Wherein up-sample the network structure of network are as follows: 1 convolution kernel number is 64, convolution kernel size is 3, convolution step-length For 1 convolutional layer；8 convolution kernel numbers are 64, the convolutional layer that convolution kernel size is 3, convolution step-length is 1；1 convolution nucleus number Mesh is 64, the convolutional layer that convolution kernel size is 3, convolution step-length is 1；1 convolution kernel number is 256, convolution kernel size is 3, the warp lamination that convolution step-length is 2；1 convolution kernel number is 256, the warp that convolution kernel size is 3, convolution step-length is 3 Lamination；And 1 convolution number is 3, the convolutional layer that convolution kernel size is 1, convolution step-length is 1.

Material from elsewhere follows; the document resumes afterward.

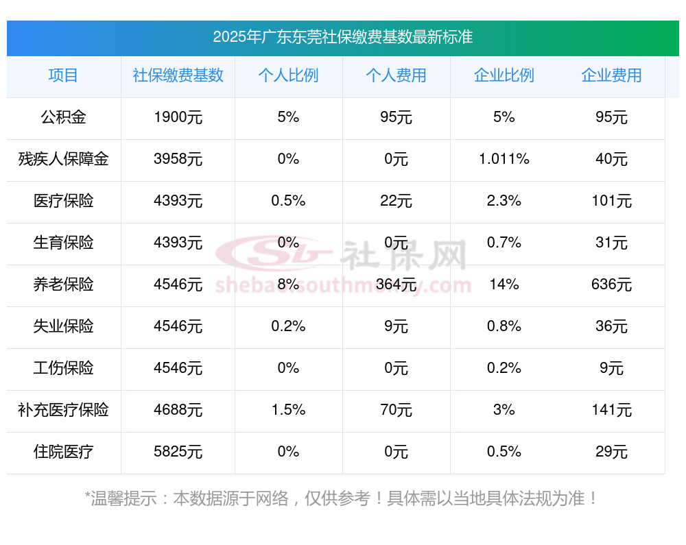 据新社通小编了解到,社保缴费基数的确定,主要基于职工上一年度月平均工资,并结合当地社会平均工资60%-300%的上下限进行调整。 目前,广东东莞社保缴费基数为:4546.00,个人费用约为:363.68元,企业费用约为:636.44元。

Optimize the network structure of network are as follows: 1 convolution kernel number is 64, convolution kernel size is 3, convolution step-length is 1 Convolutional layer；8 convolution sum numbers are 64, the convolutional layer that convolution kernel size is 3, convolution step-length is 1；1 convolution sum number is 64, the convolutional layer that convolution kernel size is 3, convolution step-length is 1；1 convolution kernel number is 256, convolution kernel size is 3, volume The warp lamination that product step-length is 2；The warp lamination that 1 convolution kernel number is 256, convolution kernel size is 3, convolution step-length is 3； And 1 convolution number is 3, the convolutional layer that convolution kernel size is 3, convolution step-length is 1.

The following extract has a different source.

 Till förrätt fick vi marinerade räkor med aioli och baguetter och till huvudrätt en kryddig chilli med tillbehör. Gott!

The network structure of discriminator are as follows: 1 convolution kernel number is 64, the volume that convolution kernel size is 3, convolution step-length is 2 Lamination；1 convolution kernel number is 128, the convolutional layer that convolution kernel size is 3, convolution step-length is 2；1 convolution kernel number is 256, the convolutional layer that convolution kernel size is 3, convolution step-length is 2；1 convolution kernel number is 512, convolution kernel size is 3, volume The convolutional layer that product step-length is 2；1 convolution kernel number is 512, the convolutional layer that convolution kernel size is 3, convolution step-length is 1；And 2 parallel convolutional layers are true high-definition pictures particularly for differentiation input picture or have generator synthesis First convolutional layer fc of high-definition picture_GANWith for judge input picture whether be face the second convolutional layer fc_clc。

Wherein generate loss function used in confrontation network are as follows:

WhereinIndicate confrontation loss function,Indicate Pixel-level Loss function,Indicate the loss function of optimization network function, Presentation class loss function；

Wherein θ, ω are respectively the network parameter of discriminator and generator, D_θ(),G_ω() is discriminator and generator respectively Power function；It is the low-resolution image and corresponding high-definition picture of input respectively；y_iFor the mark of input picture Label, y_i=1, y_i=0 to respectively represent input picture be face and non-face；α, β are confrontation loss functions, pixel in objective function The weight distribution coefficient of grade loss function and Classification Loss function, N are training sample sums；ω₁For the net for up-sampling network Network parameter, ω₂For optimize network network parameter,It is the power function for up-sampling network,It is the function of optimizing network Function.

Step 4: using the first high-resolution human face image, the inhuman face image of the first high-resolution obtained in step 2, The inhuman face image of low-resolution face image, low resolution is trained generation confrontation network.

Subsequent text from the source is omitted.